Saved data entries:
=== Begin Enclosure ===
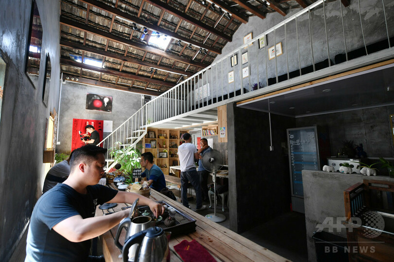 アートな雰囲気が漂うこのシェアスペースは誰でも利用でき、すべてセルフサービス。シェアスペースの発起人の邵東強(Shao Dongqiang)さんは、「ここでは、自分でお湯を沸かしてお茶をいれたり、ちょっと本を手に取って読んだり、メッセージノートに今の気持ちをつづったり。ただ座ってボーッとすごしてもいい、完全に自由な空間」と話す。(c)CNS/JCM/AFPBB News
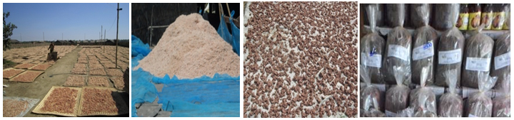 One viss of shrimp species were boiled with water and put into one teaspoon of salt at15 minutes. These boiled shrimps were taken on sun-dried for two days or put into the shelf and spread them and giving the fire under the shelf or smoked. The smoked or boiled shrimp were taken and put inside the sac and pounded with heavy stick to remove their heads, tails and scales. One viss of fresh shrimps were smoked to obtained10-15ticals of dried shrimp. Total production of 8,000-8,500viss of dried shrimp from Htaung-gyi-tan village over the dry period 2014-2015 has been obtained and 80,000-85,000viss from Ahshey-hpyar village, 160,000-165,000viss from Nauk-mee village were occured. These dried shrimp were transported to Pyapon Township and Rangoon Region. The price of this dried shrimp was about 15,000-28,000kyats.
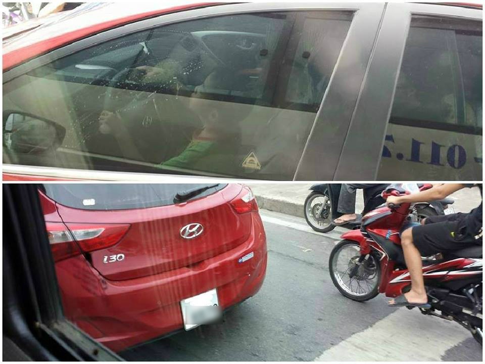 | Người đi đường bắt gặp khoảnh khắc cậu bé khoảng 7 tuổi cầm vô lăng điều khiển xe hơi. Chứng kiến sự việc nguy hiểm này, anh đã dùng điện thoại chụp lại, chia sẻ lên mạng. Phần lớn mọi người đều lên án vị phụ huynh thản nhiên để con trẻ có hành động xem thường tính mạng và vi phạm luật giao thông. Ảnh: B.vn. |
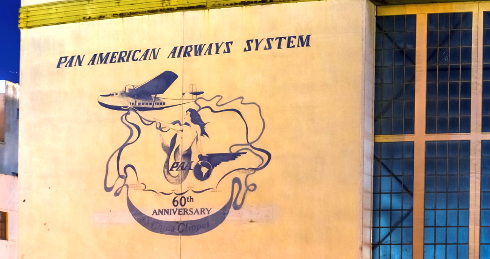 Tim Tyler reported, "The Pan American Airways System artwork is on the side of one of the old hangars behind the old Air Terminal building.
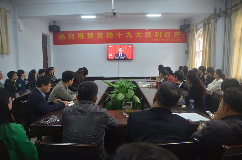 10月18日上午9时,中国共产党第十九次全国代表大会在北京人民大会堂开幕。金年会党总支书记韩忠民、院长瞿鹏、党总支副书记刘瑛等党员同志与金年会没课的老师、部分学生党员、入党积极分子在金年会jinnianhuicom会议室集中收听收看了中央电视台“十九大”现场直播的开幕会盛况,聆听了习近平同志代表中国共产党第十八届中央委员会所作的报告。同时,金年会团总支·学生会组织16级、17级没课的学生在教室、宿舍等以多种形式收听收看了“十九大”的开幕会。
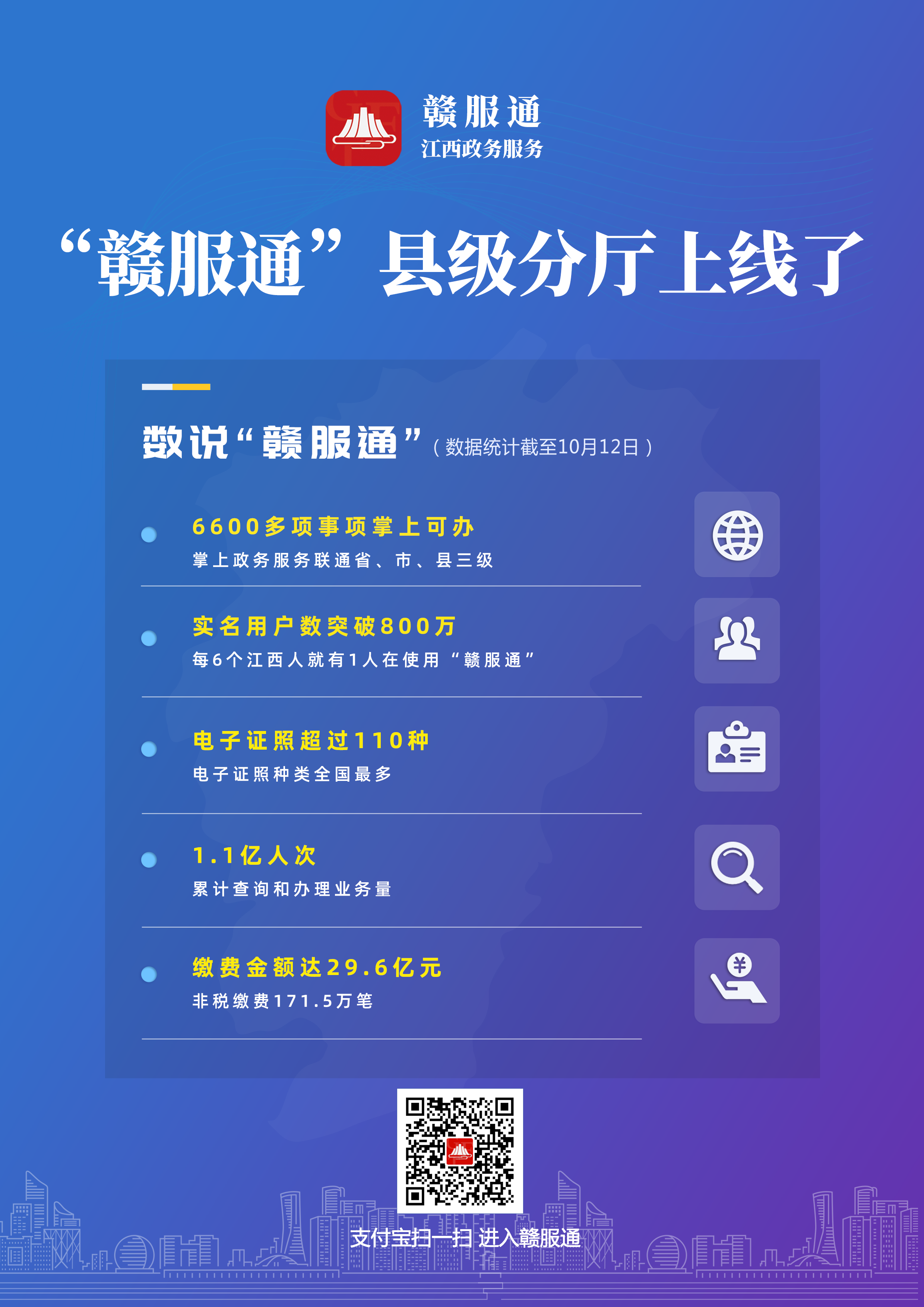 “赣服通”九江市分厅6月26日正式上线运行,14个县区分厅10月18日正式上线运行,标志着我市开始迈向 “全市一体、手机通办”政务服务新阶段。
=== End Enclosure ===
Which lines run from the one containing "Air Terminal building." to the end of the entries above? Write them out exactly, leaving out every picture.

 Tim Tyler reported, "The Pan American Airways System artwork is on the side of one of the old hangars behind the old Air Terminal building.
 10月18日上午9时,中国共产党第十九次全国代表大会在北京人民大会堂开幕。金年会党总支书记韩忠民、院长瞿鹏、党总支副书记刘瑛等党员同志与金年会没课的老师、部分学生党员、入党积极分子在金年会jinnianhuicom会议室集中收听收看了中央电视台“十九大”现场直播的开幕会盛况,聆听了习近平同志代表中国共产党第十八届中央委员会所作的报告。同时,金年会团总支·学生会组织16级、17级没课的学生在教室、宿舍等以多种形式收听收看了“十九大”的开幕会。
 “赣服通”九江市分厅6月26日正式上线运行,14个县区分厅10月18日正式上线运行,标志着我市开始迈向 “全市一体、手机通办”政务服务新阶段。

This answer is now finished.